An additional hybrid phenotype characterized by the presence of Timp1 (RRA; C3d+/Timp1+/GFP+) was identified and found to be enhanced in response to medrysone particularly at the a-CC (Figure 6t). Timp1 is naturally expressed by astrocytes,^31,45 was recently shown to induce a myelinating profile in transplanted NSCs^72,71, is expressed by astrocytes in demyelinated white matter MS lesions and revealed to be down-regulated during CPZ-dependent demyelination.⁵³ Moreover, remyelination in acute and chronic demyelinated animals was shown to depend on astrocytic Timp1.^51,52 It is therefore conceivable that the here observed Timp1 expressing reactive astrocytes, yet in a minor number and only localized at the a-CC, can contribute to myelin repair as evoked by medrysone (Figures 6s, 6t). Further investigations will be necessary to describe additional trophic entities related to here-presented astrocyte subpopulations that are also involved in the overall repair process. Future investigations upon the microglia-astrocyte axis following medrysone-treatment could illuminate if astrocyte heterogeneity occurs in co- or interdependency of microglia stimulation.²⁵ This will also include investigations of medrysone acting directly on microglial cells as this has not being carried out so far. However, other corticosteroids have previously been shown to rescue an anti-inflammatory signature in these cells.73, 74, 75 Likewise, a future investigation of medrysone on the EAE-clinical score [i.e., loss of tail tone, paralysis and cerebellar demyelination, which recapitulates MS disease features,^76,77 will be able to strengthen the inclusion of medrysone into upcoming clinical examinations.

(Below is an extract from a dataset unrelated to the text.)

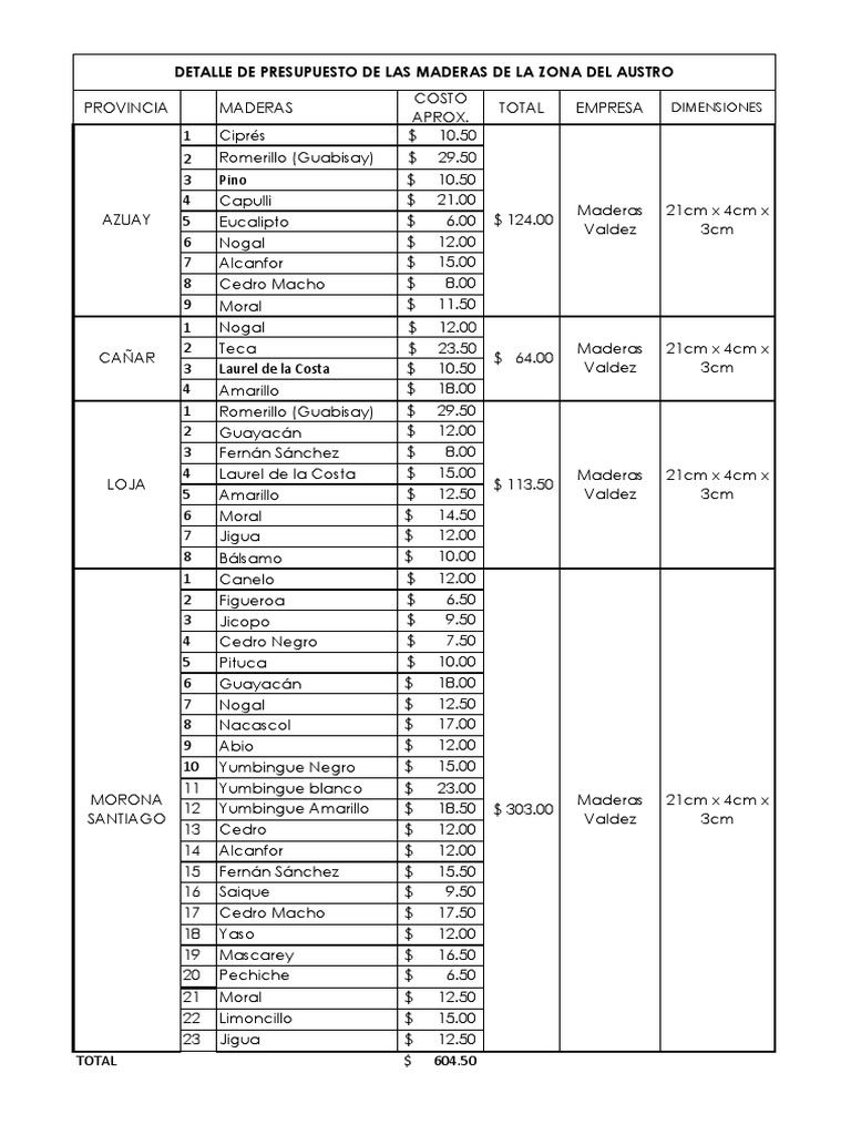 DETALLE DE PRESUPUESTO DE LAS MADERAS DE LA ZONA DEL AUSTRO

Indeed, we here demonstrate that in a chronic demyelination set-up the application of the corticosteroid medrysone induces a robust myelin regeneration response marked by regulated astrocyte polarization and trophic factor expression. This study also suggests that this drug may be of use as a potential treatment for late-stage MS where regenerative processes increasingly fail.^1,32,77 Our study is currently limited to the fact that no interpretation of medrysone's anti-inflammatory effects on white matter repair could be considered. Additionally, it must be kept in mind that not all NSCs and astrocyte subtypes within the adult brain are fully covered by the GFAP-GFP driver. Finally, for a successful biomedical translation of these findings medrysone dependent responses of human brain cells need to be determined.

Contributors

Markley Silva Oliveira Junior performed the majority of all experiments, data analysis, data interpretation, text writing and figure design. Jessica Schira–Heinen has accessed and verified the data, in addition supported experimental design, data analysis, interpretation, text writing and figure design. Laura Reiche and Peter Göttle conducted primary OPC experiments and provided corresponding data analysis. Vanessa Cristina Meira de Amorim and Seulki Han provided support in data interpretation and data presentation. Isabel Lewen and Joel Gruchot executed primary astrocyte experiments and provided corresponding data analysis. Rainer Akkermann has accessed and verified the data and was involved in establishing the transgenic mouse strain and the cuprizone experiments. Kasum Azim was involved in experimental design, funding acquisition, data analysis and interpretation. Patrick Küry (PK) conceived the final project and manuscript and took the final decision for submission. PK was involved in experimental design, funding acquisition, data analysis and interpretation and in text writing and figure composition. All authors read and approved the final version of the manuscript.

Data sharing statement

Any additional information required to reanalyse the data reported in this paper is available from the lead contact upon request.

Declaration of interests

The authors declare no competing interest.